The Reserve Bank’s monthly board meeting on Tuesday may deliver a pause in its most aggressive policy tightening in decades, but NHFIC said the damage of earlier and faster-than-expected rate rises was already done and would drag on the supply of new homes.
“Over the 3 years to 2024-25, NHFIC expects an average of 138,100 net new additions to be added to Australia’s housing stock. This is well below the 180,000 average each year forecast in last year’s report for the same period,” the report said.
Amid a souring mood among builders, industry experts believe the climbing insolvency numbers reflect the surging cost pressures and ballooning build times that plunged fixed-price contracts into the red during the pandemic.
They said the picture for the sector looked more positive this year and beyond as these pressures ease and contracts are adjusted to better reflect industry conditions.

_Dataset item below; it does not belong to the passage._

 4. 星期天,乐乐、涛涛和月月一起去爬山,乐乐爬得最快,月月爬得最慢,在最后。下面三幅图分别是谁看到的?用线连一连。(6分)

But the shock failures of Melbourne-based Porter Davis on Friday – leaving 1700 homes unbuilt – and school-builder Lloyd Group underlined the ongoing struggles facing some construction companies, particularly those large firms that are trying to work their way out of the massive holes blasted in their balance sheets over the past two years.

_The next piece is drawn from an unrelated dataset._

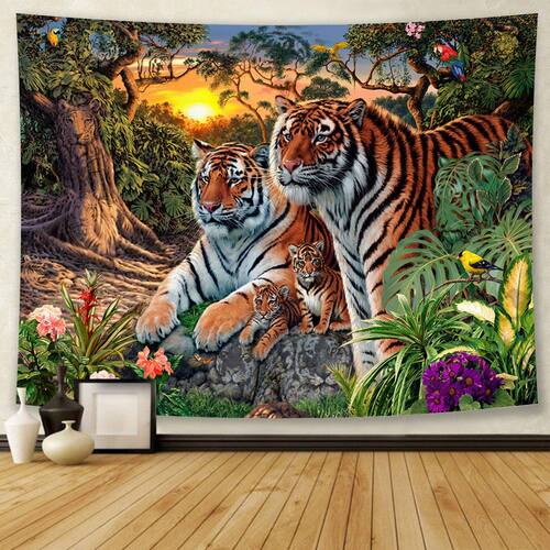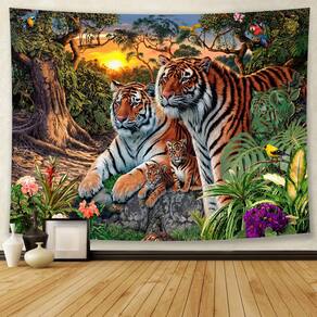 Material: flanela Tamanho: 150 cm × 130 cm Peso: 290 g Impressionante design de tapeçaria com uma família de tigres em um cenário de selva com plantas tropicais e um fundo brilhante ao pôr do sol. Feito de tecido de veludo macio com impressão vívida de alta definição, durável, leve e fácil de pendurar. Uso multifuncional como tapeçaria de parede, decoração de arte de parede, cortina, colcha ou cenário fotográfico. Perfeito para quarto, sala de estar, dormitório ou estúdio criativo, criando uma atmosfera calorosa e exótica de vida selvagem. Mede 150x130cm, lavável, reutilizável e fácil de manter, o que a torna uma peça decorativa de longa duração.

The latest ASIC insolvency statistics showed 1447 construction firms have gone under in the financial year to March, against 836 this time last year and the highest since the regulator began publishing the industry-level data in 2013-2014.
About 28 per cent of total company insolvencies through this period were in the building sector, against a 10-year average of 20 per cent.
The price of inputs to construction are up nearly 30 per cent versus pre-pandemic levels. Cost inflation growth peaked at 17 per cent in the year to June, and has since eased to a still-high 14 per cent, according to the Australian Bureau of Statistics’ index of producer prices.
The price of timber jumped 17 per cent last year, steel products 16 per cent, while the cost of concrete, cement and sand climbed 15 per cent, the ABS data shows.
Russ Stephens, the co-founder of the Association of Professional Builders, said construction firms – particularly large ones such as Porter Davis – had accumulated huge losses over the past two years that they were struggling to fill.
“The easing of demand is certainly taking some of the pressure off some of the builders, but the real issue here is that a lot of the big companies are desperately trying to sign new contracts to shore up their cash flow,” Mr Stephens said.
“They need new money coming in to pay creditors – they are essentially robbing Peter to pay Paul. They need high revenues so they can trade their way back, and that could take years.”
But Housing Industry Association chief economist Tim Reardon played down a potential wave of insolvencies, saying the figures were not too far above pre-pandemic levels and that conditions in the industry were easing as costs came down.
“Builders tend to go broke on the up cycle, not the down cycle. This is an echo of what happened last year, and we are at the tail end of that cycle,” Mr Reardon said.